- [What you will do] Repeat the records below exactly as they appear, leaving out any pictures.

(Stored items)
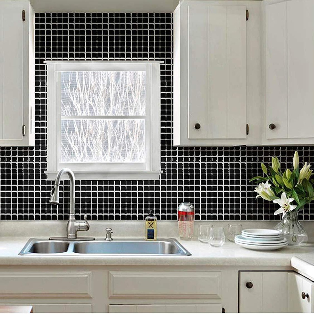タイルシール ブラック 賃貸 ウォールステッカー 耐熱 防水 キッチンタイルシール モザイクタイル風シール 3D 簡単取付 モザイクタイルシール 洗面所 トイレ 北欧 黒 卓上DIY 壁紙シール 4枚 セット 色5 | yankees
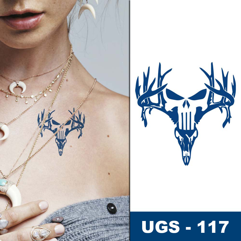Ce tatouage met en valeur un crâne stylisé de cerf avec ses bois imposants, fusionnant puissance animale , mystère et énergie tribale . Symbole de nature indomptée et de résilience, il s'adresse à ceux qui veulent afficher un esprit libre , en harmonie avec les forces de la terre . Ce design attire les regards audacieux et transforme la peau en totem de force et d'authenticité .
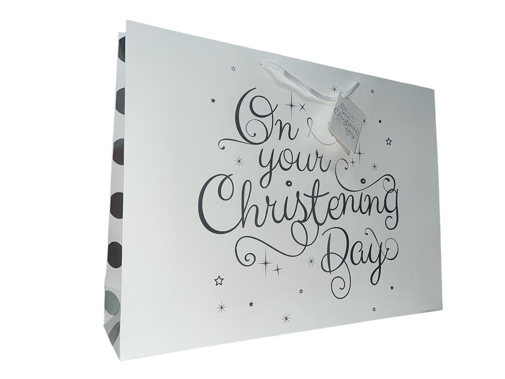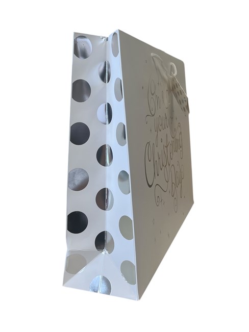 Extra Large Christening Gift Bag - Landscape White with Silver Foil 17.5x13x4"
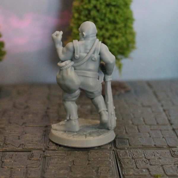 The Ogre is scaled for 28mm games common in D&D, Pathfinder, and most other popular tabletop games.
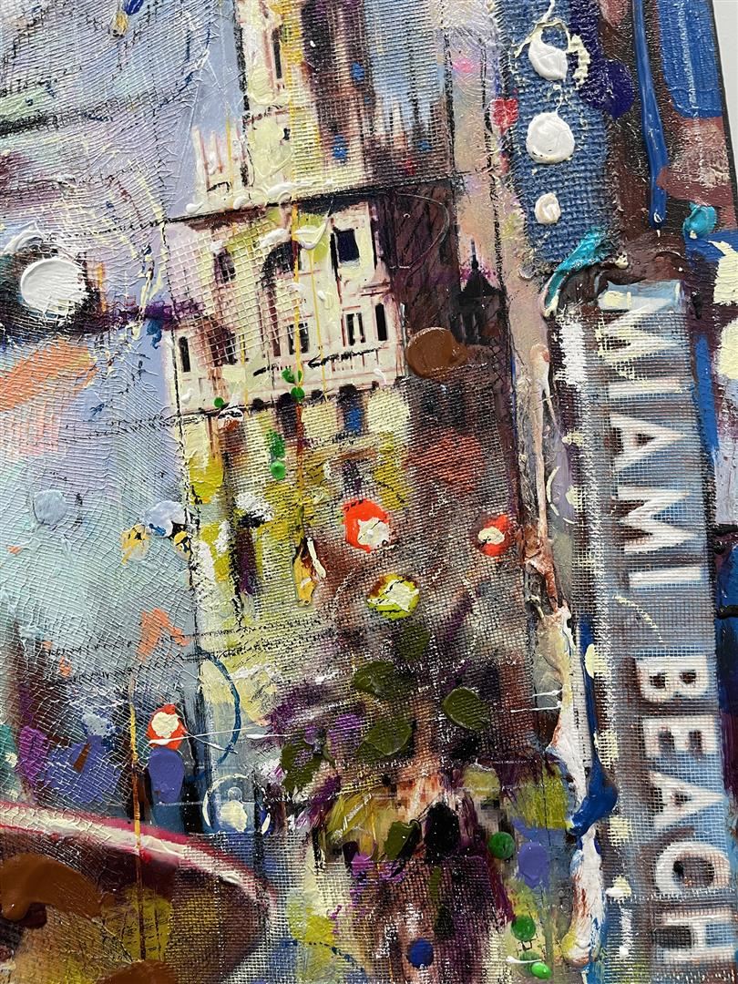 Fascinating original mixed media on canvas, hand signed by artist, this artwork comes gallery wrapped.Approximately 24x60 inches.
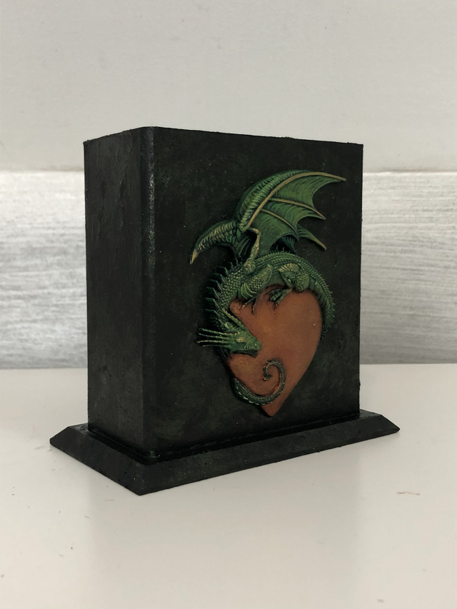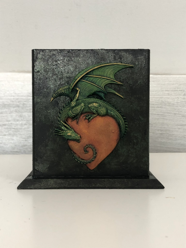 Description : Création entièrement peinte à la main à l'aide de peintures acryliques et de cires. Les décors sont coulés dans des moules en silicone avec de la résine polyuréthane.

- [Written solution]
タイルシール ブラック 賃貸 ウォールステッカー 耐熱 防水 キッチンタイルシール モザイクタイル風シール 3D 簡単取付 モザイクタイルシール 洗面所 トイレ 北欧 黒 卓上DIY 壁紙シール 4枚 セット 色5 | yankees
Ce tatouage met en valeur un crâne stylisé de cerf avec ses bois imposants, fusionnant puissance animale , mystère et énergie tribale . Symbole de nature indomptée et de résilience, il s'adresse à ceux qui veulent afficher un esprit libre , en harmonie avec les forces de la terre . Ce design attire les regards audacieux et transforme la peau en totem de force et d'authenticité .
 Extra Large Christening Gift Bag - Landscape White with Silver Foil 17.5x13x4"
 The Ogre is scaled for 28mm games common in D&D, Pathfinder, and most other popular tabletop games.
 Fascinating original mixed media on canvas, hand signed by artist, this artwork comes gallery wrapped.Approximately 24x60 inches.
 Description : Création entièrement peinte à la main à l'aide de peintures acryliques et de cires. Les décors sont coulés dans des moules en silicone avec de la résine polyuréthane.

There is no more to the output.